Records for the exercise:
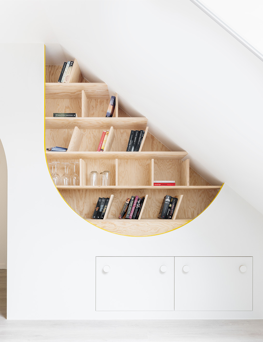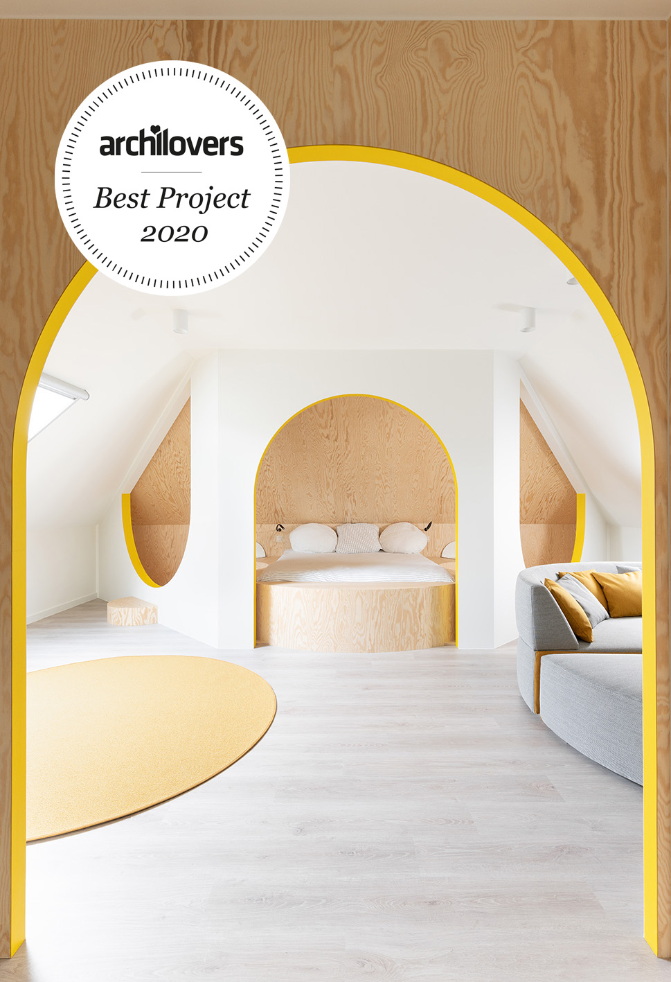 De gebogen lijnen geven de zolder een ontspannend gevoel. De algemene esthetiek van ontspannen geometrie levert een aangename vloeiende structuur op die gecompenseerd wordt door gele accenten die optimisme en energie uitstralen.
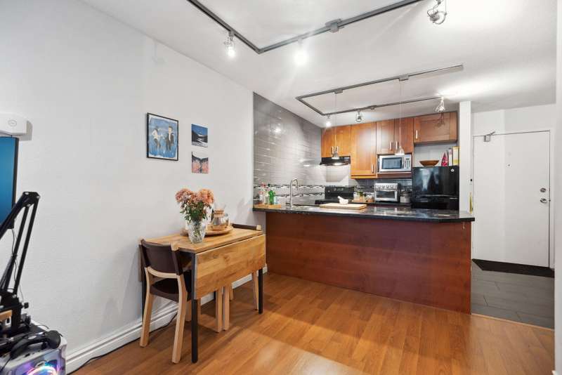 Welcome to 615-1330 Burrard in the sought-after Anchor Point! This well-designed 618 sqft condo features a spacious kitchen with sleek stone countertops, a subway tile wall/backsplash, and ample prep space. The open-concept living and dining areas have plenty of natural light from large windows, creating an inviting space to relax or entertain. The generous bedroom includes a cozy workspace plus large closet space. Heat, hot water, and the convenience of a live-in caretaker are all included in this well-managed concrete building. Don’t miss this opportunity to own a stylish home in the heart of downtown Vancouver—schedule your viewing today!
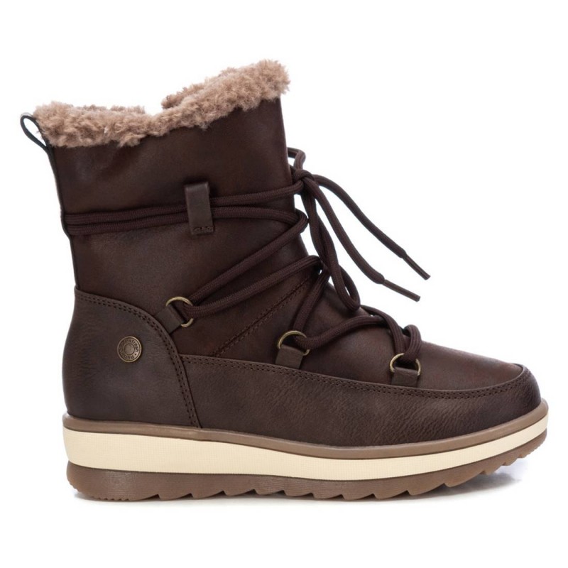 Botín de niña, de la marca Refresh. Fabricado en material que imita la piel con cálido forro de pelito ideal para los días más fríos. Cierre mediante cremallera lateral. Cordones decorativos. Tirador trasero para facilitar la puesta. Suela gruesa de goma antideslizante. Este modelo ha obtenido el certificado vegano por la organización mundial PETA (Organización de los derechos de los animales).
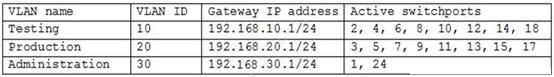 A server administrator is configuring the IP address on a newly provisioned server in the testing environment. The network VLANs are configured as follows: The administrator configures the IP address for the new server as follows: IP address: 192.168.1.1/24 Default gateway: 192.168.10.1 A ping sent to the default gateway is not successful. Which of the following IP address/default gateway combinations should the administrator have used for the new server?
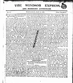 - ^ "Front page". Windsor Express and Richmond Advertiser. 9 May 1844. Retrieved 5 June 2013.

How to complete this task:
Drop the pictures, then transcribe the lines from the one containing "Welcome to 615-1330" to the end of the data above, exactly and nothing more.

Expected answer:
 Welcome to 615-1330 Burrard in the sought-after Anchor Point! This well-designed 618 sqft condo features a spacious kitchen with sleek stone countertops, a subway tile wall/backsplash, and ample prep space. The open-concept living and dining areas have plenty of natural light from large windows, creating an inviting space to relax or entertain. The generous bedroom includes a cozy workspace plus large closet space. Heat, hot water, and the convenience of a live-in caretaker are all included in this well-managed concrete building. Don’t miss this opportunity to own a stylish home in the heart of downtown Vancouver—schedule your viewing today!
 Botín de niña, de la marca Refresh. Fabricado en material que imita la piel con cálido forro de pelito ideal para los días más fríos. Cierre mediante cremallera lateral. Cordones decorativos. Tirador trasero para facilitar la puesta. Suela gruesa de goma antideslizante. Este modelo ha obtenido el certificado vegano por la organización mundial PETA (Organización de los derechos de los animales).
 A server administrator is configuring the IP address on a newly provisioned server in the testing environment. The network VLANs are configured as follows: The administrator configures the IP address for the new server as follows: IP address: 192.168.1.1/24 Default gateway: 192.168.10.1 A ping sent to the default gateway is not successful. Which of the following IP address/default gateway combinations should the administrator have used for the new server?
 - ^ "Front page". Windsor Express and Richmond Advertiser. 9 May 1844. Retrieved 5 June 2013.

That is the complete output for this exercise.